After exceeding the billion euro mark in global turnover for the first time in 2020, cargo-partner’s turnover increased by 72%, reaching over 1.8 billion euro in 2021, and further increased to 2.06 billion euro in 2022.

“Leadership by agile founders bears some considerable advantages, but from a certain stage on, highly professional and long-term stable ownership is the bigger asset. It is the founders’ challenge and responsibility to decide about both management and ownership succession at the right time. Not too early to be able to build a stable internal management succession but, for sure, also not too late,” Krauter says. “That is why, together with the Corporate Executive Board, we started evaluating different options for the future of cargo-partner.”

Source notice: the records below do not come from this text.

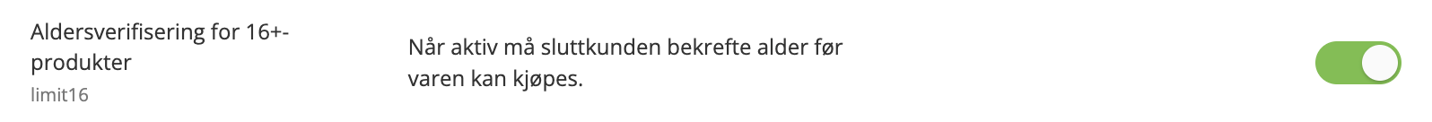 - Slå på taggen "Aldersverifisering for 16+-produkter"
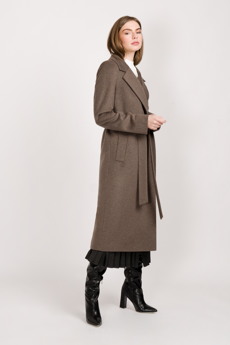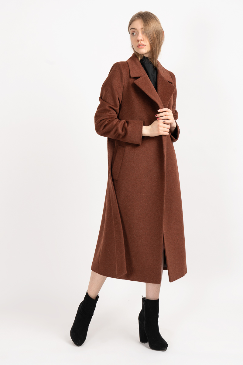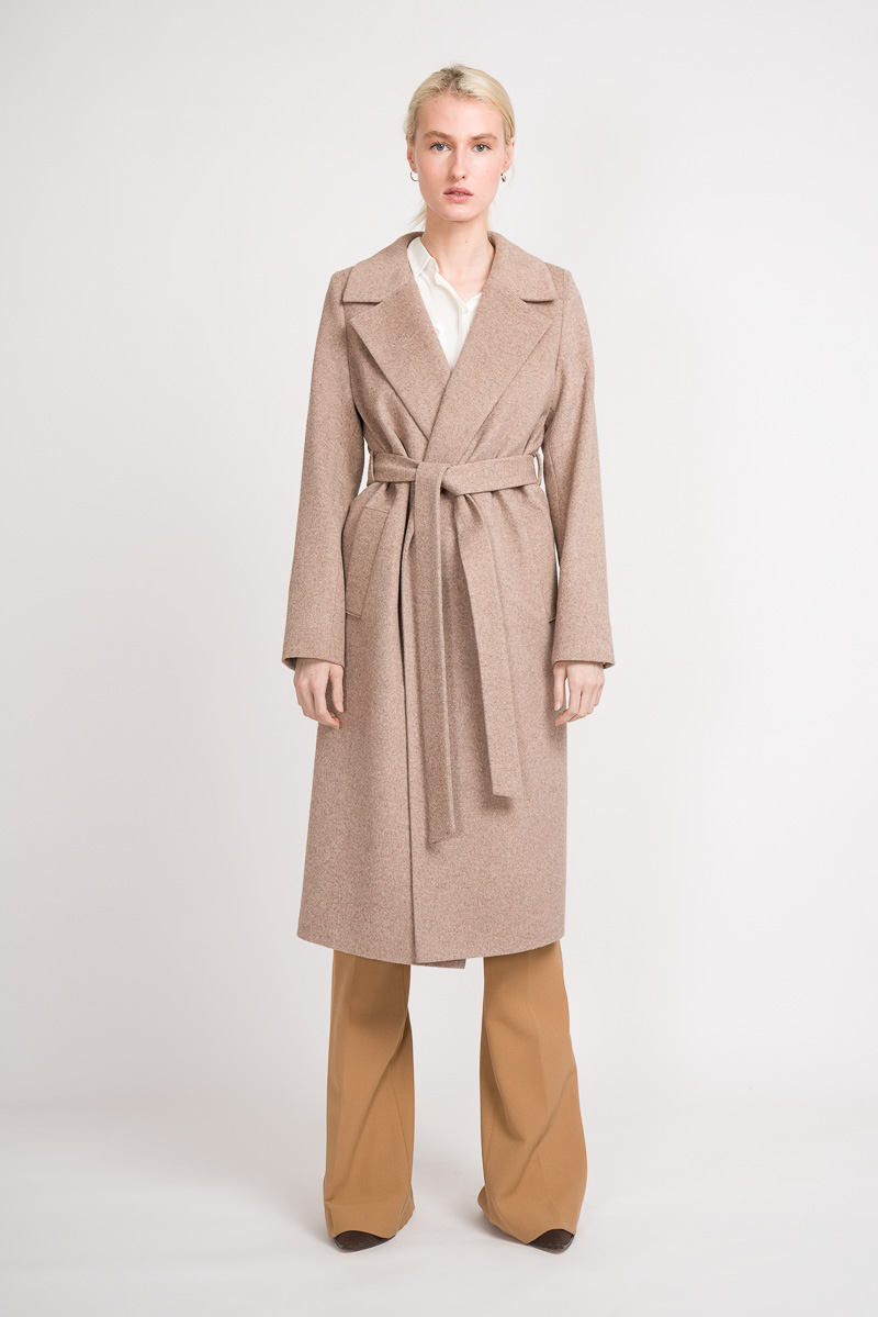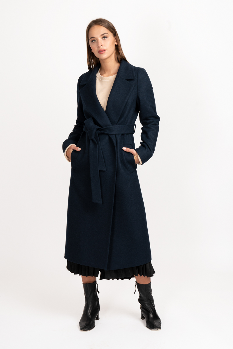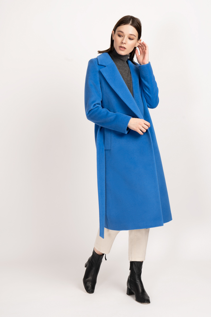Orta uzunlukta ve gereksiz detaylar olmadan ceket sabahlık Kumaşın bileşimi% 60 yün,% 40 polyester.
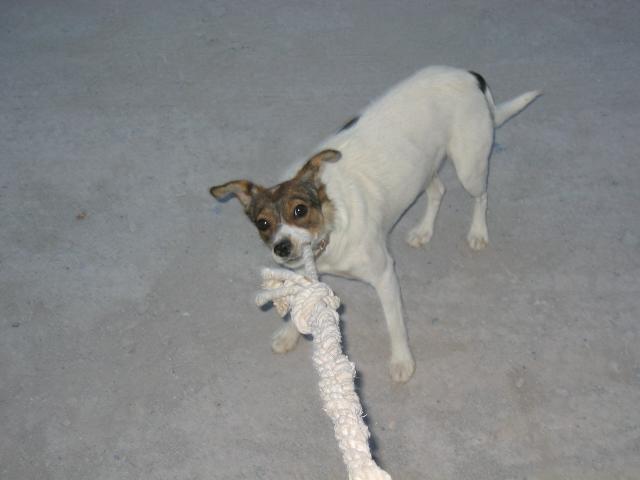 She is more of a mix of dogs than anything, though we think she has definately got a strong gene of JACK RUSSEL TERRIER in her. Thanks
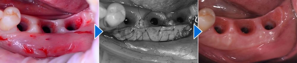 保存不可能な歯を抜歯した後、即時にインプラントを埋入しました。抜歯部分は骨量の減少も著しかったため、歯周組織の再生を促進するPRP(多血小板血漿)を同時に行いました。
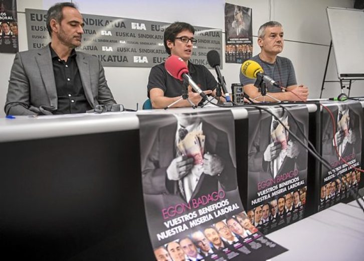 La sentencia del Juzgado de lo Social Nº1 de Iruñea fue dada a conocer ayer por ELA, que presentó la demanda que ahora ha sido estimada. Imanol Paskual, responsable territorial de ELA-Nafarroa; Jokin Arbea, responsable de la Federación de Industria; y el abogado Iñaki Bilbao destacaron que se trata de una sentencia «muy relevante» porque «cuestiona el proceder y la forma de contratación de grandes grupos empresariales».
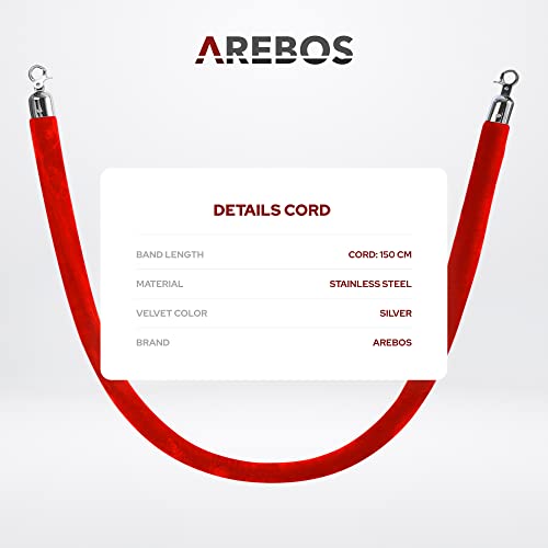 Arebos Transenne Corda per Sistema Guida Persone Barriera della Corda Rossa Corda con Moschettoni argento Barrier Rope Controllo della Folla Per Edifici Pubblici Dell'Hotel Ristorante Cinema 1.5M
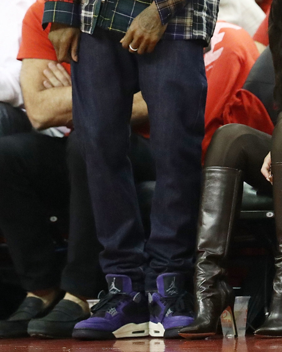 今天的抢七大战,Travis Scott 上脚一双从未见过的紫色 Air Jordan 4 场边观战。 可以看出鞋面由紫色麂皮打造,中底为白色,以黑色和灰色点缀。与此前的曝光的联名款同为麂皮材质,看来 Travis Scott 对麂皮钟爱有加。是新一款联名配色还是仅仅是一款普通 AJ4 新品,目前不得而知。 目前尚无更多信息,我们将持续关注并第一时间带来报道。 pic via:brkicks
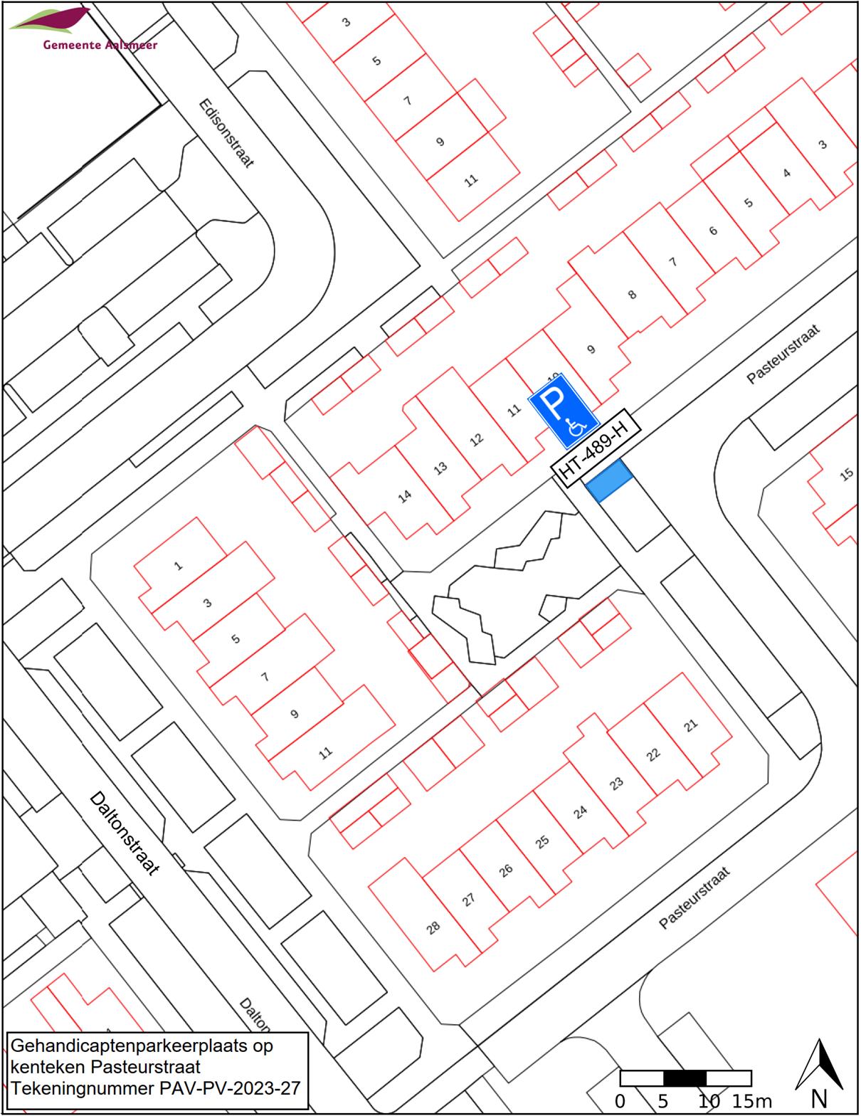 Burgemeester en wethouders van Aalsmeer besluiten het parkeren te verbieden op een parkeerplaats in de Pasteurstraat, zoals aangegeven op tekening PAB-PV-2023-27, met uitzondering van het voertuig met het kenteken HT-489-H (gehandicaptenparkeerplaats).
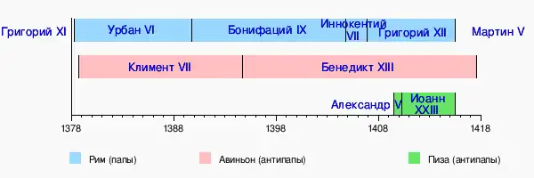 В результате борьбы возникли римская линия, которую последовательно представляли Урбан VI, Бонифаций IX, Иннокентий VII и Григорий XII, и авиньонская линия, которую представляли Климент VII, а затем Бенедикт XIII. Конфликт усугублялся политическими и дипломатическими разногласиями в Европе.

Stefan Krauter continues to explain: “It would also have been a good option for the management and employees to continue going completely alone, but since the ideal new strategic owner was found in NX Group, we were ultimately convinced that this was the right way to go forward. Following the integration policy we have seen from NX Group so far, cargo-partner will remain cargo-partner in regard to both organization and branding – and it will become the strongest cargo-partner ever!”

The deal was signed on May 12, 2023 and will come into effect subject to the usual regulatory (anti-trust and FDI) approvals in an estimated four to seven months along with the subsequent closing.

“Both organizations will benefit from considerable synergies in global office coverage, an expanded service portfolio, strengthened regional, product and IT know-how, increased scale and others. NX Group will benefit from our strong and extensive network in Central and Eastern Europe that complements NX’s existing network in an ideal way, and cargo-partner will jump several leagues in the Intra-Asian and Trans-Pacific trade lanes,” Stefan Krauter states. He adds: “cargo-partner will also continue to work with its current global agents’ network, strive to expand this section of its business and support it in future with its upgraded platform which is presently under development.”

“I will personally continue to support the transition in my new role on the Corporate Supervisory Board and in my advisory function to the Corporate Executive Board. I will be focusing on smart partial integration with the new owners as well as on other matters regarding strategy, M&A and ESG. What an interesting and rewarding challenge at the end of my career!” Krauter says.

The sellers have been advised by J.P. Morgan (financial), ValueAdd (financial), BCG (commercial), Schönherr (legal), and Deloitte (accounting and tax) on the transaction.